Pope Francis wouldn’t be pigeonholed. Not in Washington. Not in Congress. Not on the floor of the U.S. House of Representatives, the womb of America’s duopoly, where an untrusted and unloved leadership class divides itself into feckless Democrats and feckless Republicans—blues against reds.
No, this man worships a different hue. “Let us remember the Golden Rule,” said the first pontiff to address a joint session of Congress. "Do unto others as you would have them do unto you.”
This Rule points us in a clear direction. Let us treat others with the same passion and compassion with which we want to be treated. Let us seek for others the same possibilities which we seek for ourselves. Let us help others to grow, as we would like to be helped ourselves. In a word, if we want security, let us give security; if we want life, let us give life; if we want opportunities, let us provide opportunities. The yardstick we use for others will be the yardstick which time will use for us. The Golden Rule also reminds us of our responsibility to protect and defend human life at every stage of its development.

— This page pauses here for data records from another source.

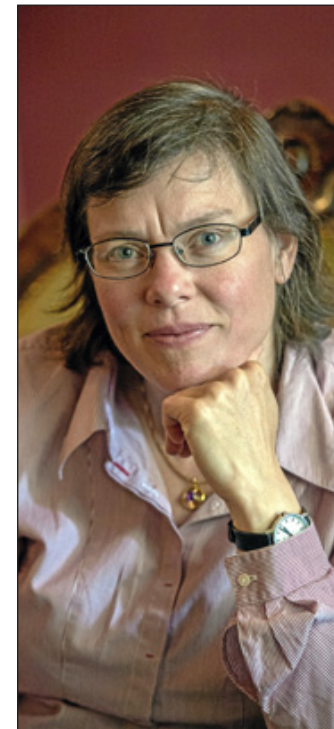
"Jag har ägnat väldigt mycket tid i mitt liv åt att fundera på varför det stod så där i ett sms, varför det inte kom och när jag ska skicka mitt nästa", säger författaren Lena Andersson.

"STYRKA VÄCKER BEUNDRAN men inte kärlek. Det brustna hos människan är det som inger kärlek. Men det brustna räcker inte. Det måste kompletteras med autonomi och självdistans. Sprickor skapar ömhet men förr eller senare alstras aggressioner av det som väcker ömhet. (...) Ester fick inga svar oavsett om hon gjorde sig stark, svag eller full av sprickor. Inte på hela veckan kom det något livstecken från honom."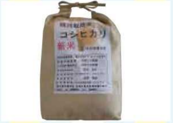
㊶ いすみ米コシヒカリ(2Kg)<6名様> 提供: 株式会社ごじゃ 箱岬店(3名様) 大原店(3名様)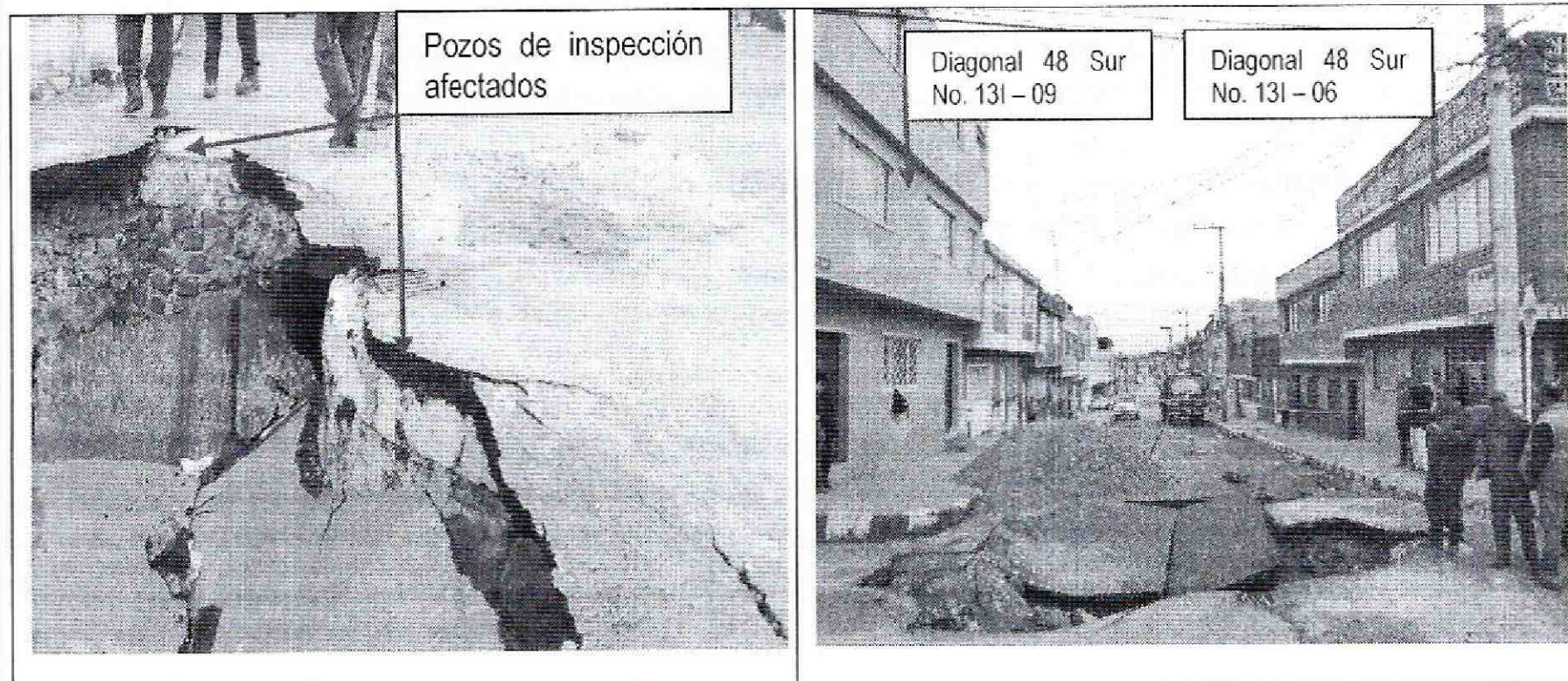
Fotografía 3 y 4. Pozos de Inspección afectados por el proceso de subsidencia y predios de la Diagonal 48 Sur No. 131 – 09 y Diagonal 48 Sur No. 131 – 06, en el Barrio Marco Fidel Suarez, de la Localidad de Rafael Uribe Uribe.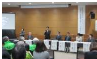
防災セミナー「災害時の要援護者対策について考える」（伊勢庁舎）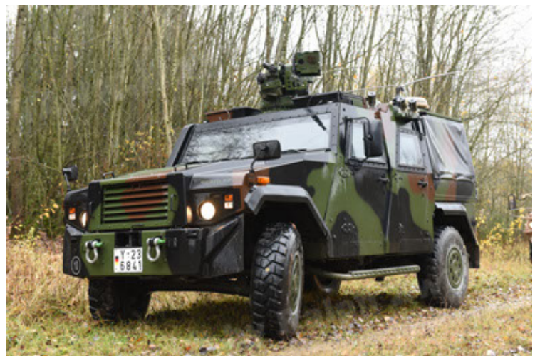
Eagle IV EinsFzgFüPers (60).JPG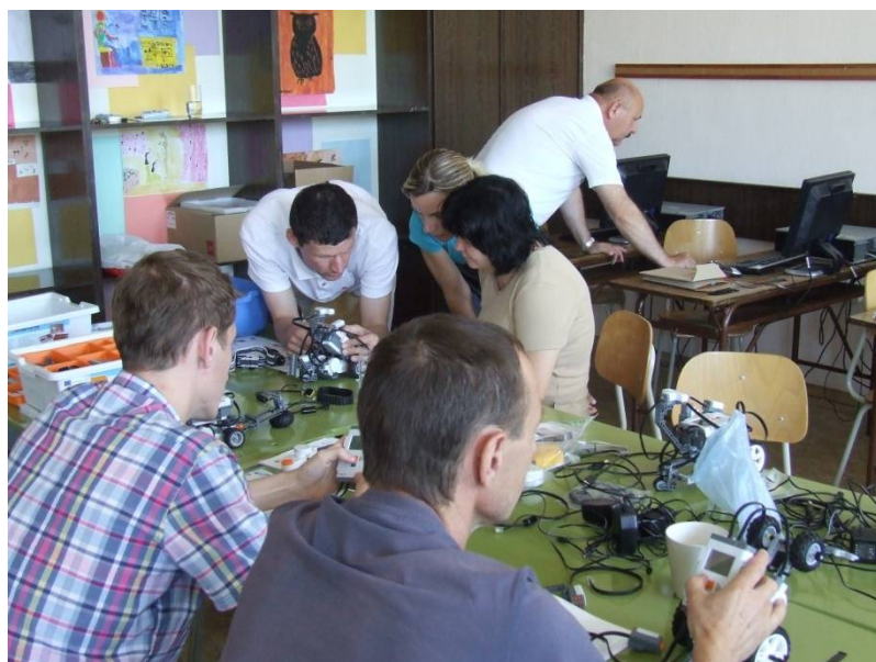
Spoločné vzdelávanie učiteľov informatiky o konštrukcii a programovaní robotov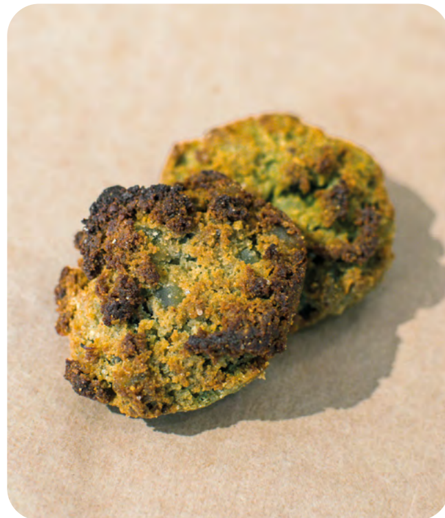
GALLETAS DE ALMENDRA CON COCO, LIMÓN, JENGIBRE Y TÉ MACHA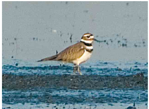
10-11 Killdeerplevier / Killdeer Charadrius vociferus , eerstejaars, Rottige Meente, Friesland, 4 april 2005

rand in veld moeilijk te zien maar op sommige foto's roodachtige tint zichtbaar. Poot grijsachtig groen.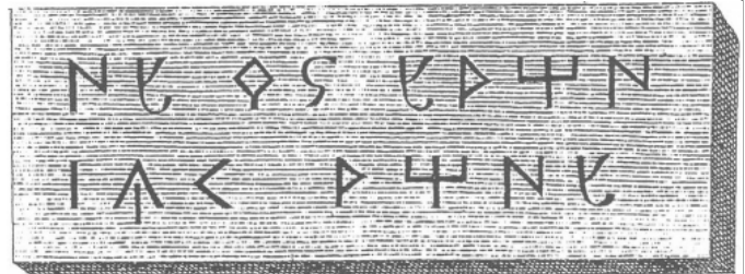
Créditos: Erro 1806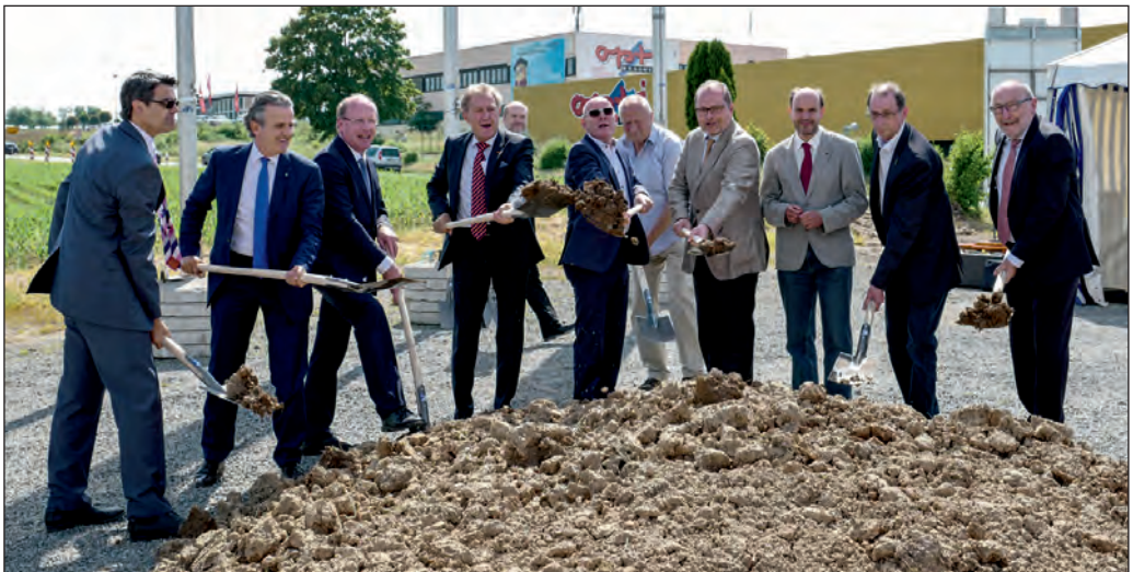
Viel Politprominenz beim Spatenstich für den Ausbau der B 14 von Nellmersbach nach Maubach.

Republicans took that last line as an affirmation of the Catholic Church’s opposition to abortion—and applauded.
The pope continued: “This conviction has led me, from the beginning of my ministry, to advocate at different levels for the global abolition of the death penalty.”
And now, Democrats cheered.
Like most people, the Jesuit-trained spiritual leader doesn’t fit neatly into the ideological boxes constructed by the two major parties to divide Americans and preserve power. While the pope might lean left on immigration, climate change, and income inequality, he stands to the right of the muted American middle on abortion, same-sex marriage, and religious freedom.